After that, Ventura Fusion reached out through Instagram and invited me to play. I was there only for the summer and also coached at Ventura. Then Cal United offered me a contract and a coaching position for Irvine Strikers.

  • With Cal United Strikers FC for NISA's Inaugural Season, you earned the Player of the Week honors in your first match, as well as helped the team win the NISA West Coast Championship (2019). Looking back, how did it feel to be part of a new league and have a successful first season?

It was amazing to me. I thought of all my successes in the past that ultimately lead to me being in that position as a starter and having won yet another trophy. It never crossed my mind that I would be winning something more meaningful in my first year of playing outside of college.

  • How did you become a Coach of the LAFC Academy?

About a year ago, I tore my Achilles.  At that time, I was still really into playing (full-time), but also into coaching (part-time). I was coaching at El Camino College, and at a private high school, Loyola High School.

I was one of those guys that was like: “I'm gonna play until my legs fall off”. Once I tore my Achilles, I couldn't do anything. I literally sat on the couch for about four or five months because I was recovering from surgery.

But I still tried to continue coaching (at a certain point, I was in a scooter, just kind of directing). It was almost like a blessing in disguise.
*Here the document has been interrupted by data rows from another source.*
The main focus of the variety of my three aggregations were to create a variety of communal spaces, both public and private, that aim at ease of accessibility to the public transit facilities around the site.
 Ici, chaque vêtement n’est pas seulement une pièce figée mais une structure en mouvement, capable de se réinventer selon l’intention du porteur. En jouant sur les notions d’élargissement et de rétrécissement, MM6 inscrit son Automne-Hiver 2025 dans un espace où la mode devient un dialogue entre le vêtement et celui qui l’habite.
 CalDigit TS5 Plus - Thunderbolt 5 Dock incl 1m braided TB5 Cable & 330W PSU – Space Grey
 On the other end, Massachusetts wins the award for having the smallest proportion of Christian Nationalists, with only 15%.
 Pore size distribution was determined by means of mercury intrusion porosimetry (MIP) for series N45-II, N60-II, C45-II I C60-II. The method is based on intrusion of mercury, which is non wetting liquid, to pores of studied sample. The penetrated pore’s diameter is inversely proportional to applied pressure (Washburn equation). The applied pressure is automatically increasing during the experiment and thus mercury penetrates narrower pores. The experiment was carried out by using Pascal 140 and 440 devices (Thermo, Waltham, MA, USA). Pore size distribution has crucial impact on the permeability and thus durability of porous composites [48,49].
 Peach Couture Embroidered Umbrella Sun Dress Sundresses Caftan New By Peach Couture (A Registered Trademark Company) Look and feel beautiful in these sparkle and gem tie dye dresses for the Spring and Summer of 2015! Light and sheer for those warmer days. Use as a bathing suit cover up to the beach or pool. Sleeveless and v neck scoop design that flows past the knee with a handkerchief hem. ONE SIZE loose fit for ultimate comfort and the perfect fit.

When my Achilles injury happened, I was approached about the job at LAFC. Initially, I worked for about a month or two for free, and then literally the first day that I was able to come back, I was hired on to the job there.

  • Three words to describe Steven.

Personable, charismatic and strong.

  • What do you currently do and what are your dreams?
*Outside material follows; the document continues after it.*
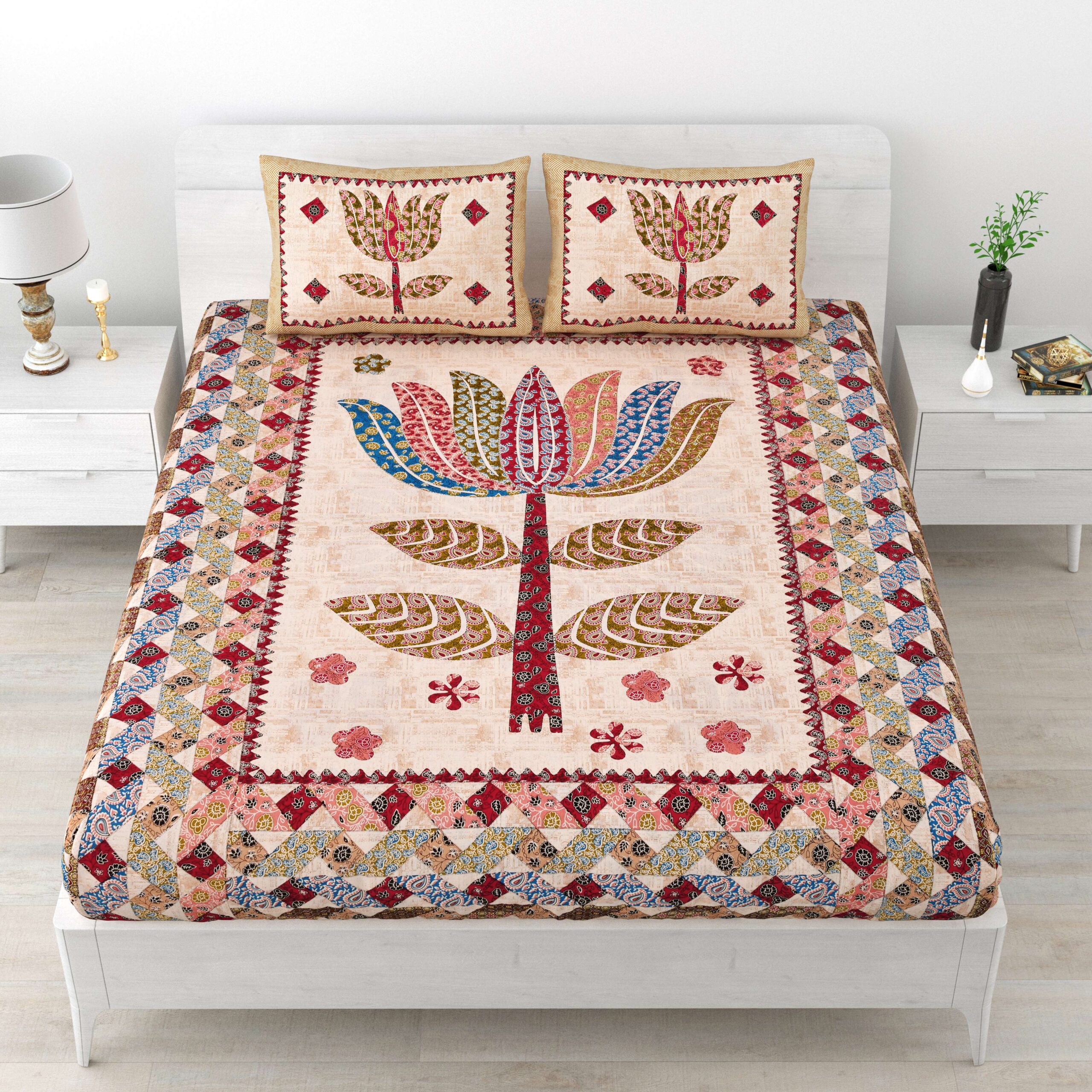 Bring home this heritage-inspired cotton double bedsheet beautifully crafted with traditional Indian motifs. Its smooth texture provides premium-quality finish ideal for gifting, making it a perfect choice for comfort?focused living.

I am currently a staff goalkeeper coach at LAFC and goalkeeper coach/assistant coach at El Camino College. My dream would be to become a goalkeeper coach at the professional levels and continue to grow as a coach to eventually pass on my knowledge to the next generations to come.
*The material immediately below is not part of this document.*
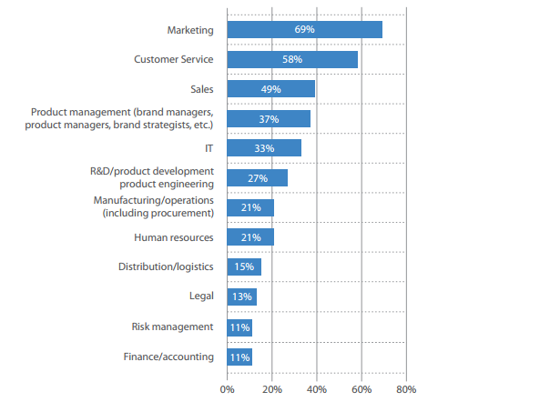 6. Only three business functions are actively involved in monitoring what consumers say about their firm through social media; marketing, customer service and sales: These functions regularly track what consumers are saying on social media in a majority or near majority of consumer companies.
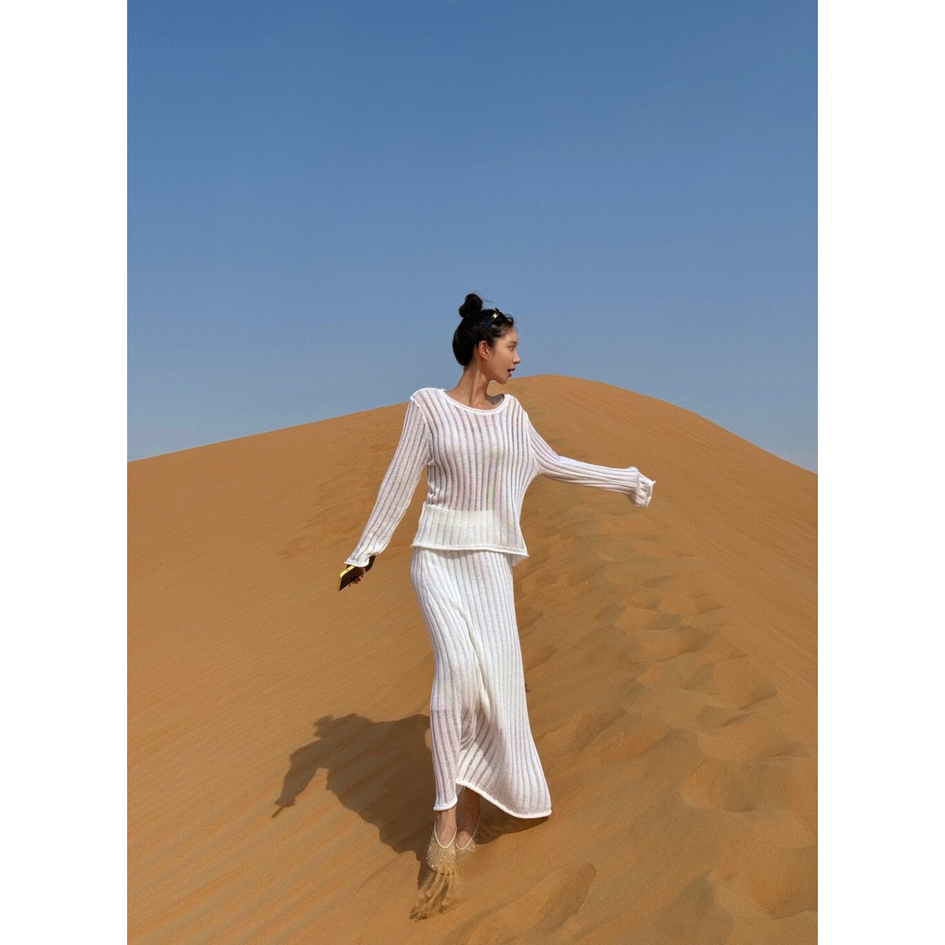 韩APM Place&Apmluxe坑罗纹针织套装气质镂空针织衫长裙两件套女

  • Now that you're a Coach and on the other side, on the bench, what is your greatest joy and motivation that you recognize has made everything worthwhile?

I think for me the greatest joy would be all the meaningful relationships I’ve created for myself along the way. The people that have inspired me and the people I’ve inspired has created a sense of community for me. 


  • Financial limitations have always been an obstacle for Latinx students, what would you tell students that might reconsider attending college because of financial hardships?

My advice for other kids: Look for scholarships, especially for the Latinx community. Have Junior College as an option. If you transfer to a South Bay school, El Camino College will cover the first two years at the JC (South Bay promise).

  • What advice would you give to your 14 year old self who is a freshman in high school?

I’d tell myself to not stop working, good things will come to you if you continue to work hard each day and every day.

  • What positive impact would you like to leave on your family and the Latino community?

I’d just hope that I can continue to inspire and help those around me. Not only to the Latinx community but to everyone that I have gotten to know through soccer and other sports.